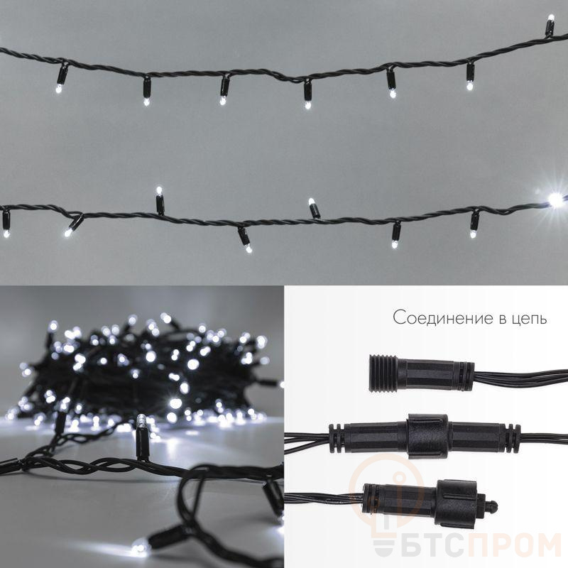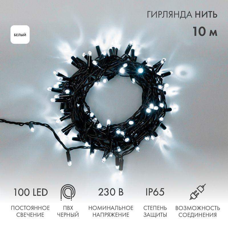 Гирлянда светодиодная "Нить" 10м 100LED бел. 10Вт 230В IP65 постоян. свечение провод ПВХ черн. (нужен шнур питания 303-500) Neon-Night 305-175
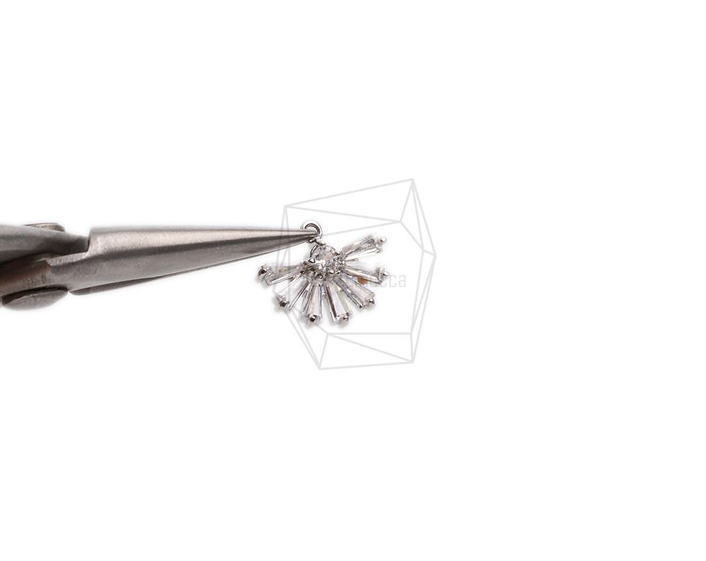PDT-2661-R/2Pcs-Fan shaped Cubic Pendant/10.5mmx13.5mm /Rhodium Plated over Brass.CZ
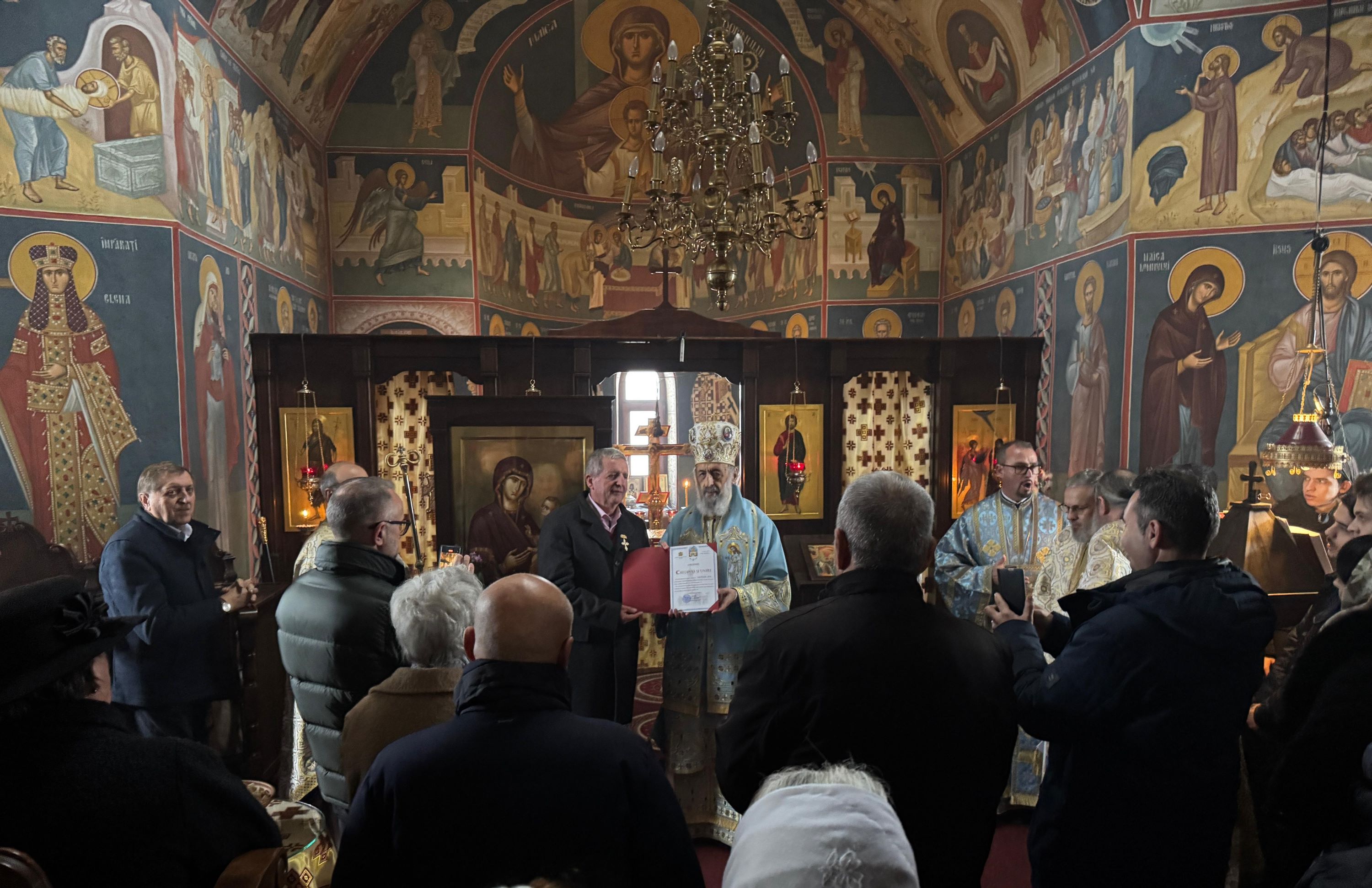 La finalul Dumnezeieștii Liturghii, în semn de aleasă prețuire și apreciere pentru activitatea pastoral-misionară și administrativ-gospodărească depusă cu râvnă apostolică în ogorul Bisericii Ortodoxe strămoșești, părintele arhimandrit Andrei Barbu a primit din partea Întâistătorului Eparhiei nostre Ordinul „Donum Sacrum Unitatis”. De asemenea, Arhipăstorul nostru i-a oferit domnului Gheorghe Iova Ordinul „Credinţă şi Unire”, în semn de apreciere pentru sprijinul oferit la edificarea și înfrumusețarea noului arhondaric din incinta așezământului călugăresc.
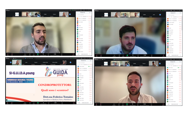 Il 12 novembre si è svolto il webinar della sezione SI-GUIDA young dedicato al tema dell’uso dei condroprotettori, un argomento di grande interesse e spesso oggetto di dibattito nella pratica clinica. L’incontro, organizzato dalla segreteria scientifica e coordinato da Marco Paoletta e Francesco Agostini, ha avuto l’obiettivo di chiarire miti e verità sull’impiego di queste sostanze, analizzandone vantaggi e limiti alla luce delle evidenze scientifiche disponibili.

********

◆ WHAT IS EXPECTED:
An exact copy of every line above, minus the pictures, is the required output.

◆ REPLY TO THE TASK:
 Гирлянда светодиодная "Нить" 10м 100LED бел. 10Вт 230В IP65 постоян. свечение провод ПВХ черн. (нужен шнур питания 303-500) Neon-Night 305-175
PDT-2661-R/2Pcs-Fan shaped Cubic Pendant/10.5mmx13.5mm /Rhodium Plated over Brass.CZ
 La finalul Dumnezeieștii Liturghii, în semn de aleasă prețuire și apreciere pentru activitatea pastoral-misionară și administrativ-gospodărească depusă cu râvnă apostolică în ogorul Bisericii Ortodoxe strămoșești, părintele arhimandrit Andrei Barbu a primit din partea Întâistătorului Eparhiei nostre Ordinul „Donum Sacrum Unitatis”. De asemenea, Arhipăstorul nostru i-a oferit domnului Gheorghe Iova Ordinul „Credinţă şi Unire”, în semn de apreciere pentru sprijinul oferit la edificarea și înfrumusețarea noului arhondaric din incinta așezământului călugăresc.
 Il 12 novembre si è svolto il webinar della sezione SI-GUIDA young dedicato al tema dell’uso dei condroprotettori, un argomento di grande interesse e spesso oggetto di dibattito nella pratica clinica. L’incontro, organizzato dalla segreteria scientifica e coordinato da Marco Paoletta e Francesco Agostini, ha avuto l’obiettivo di chiarire miti e verità sull’impiego di queste sostanze, analizzandone vantaggi e limiti alla luce delle evidenze scientifiche disponibili.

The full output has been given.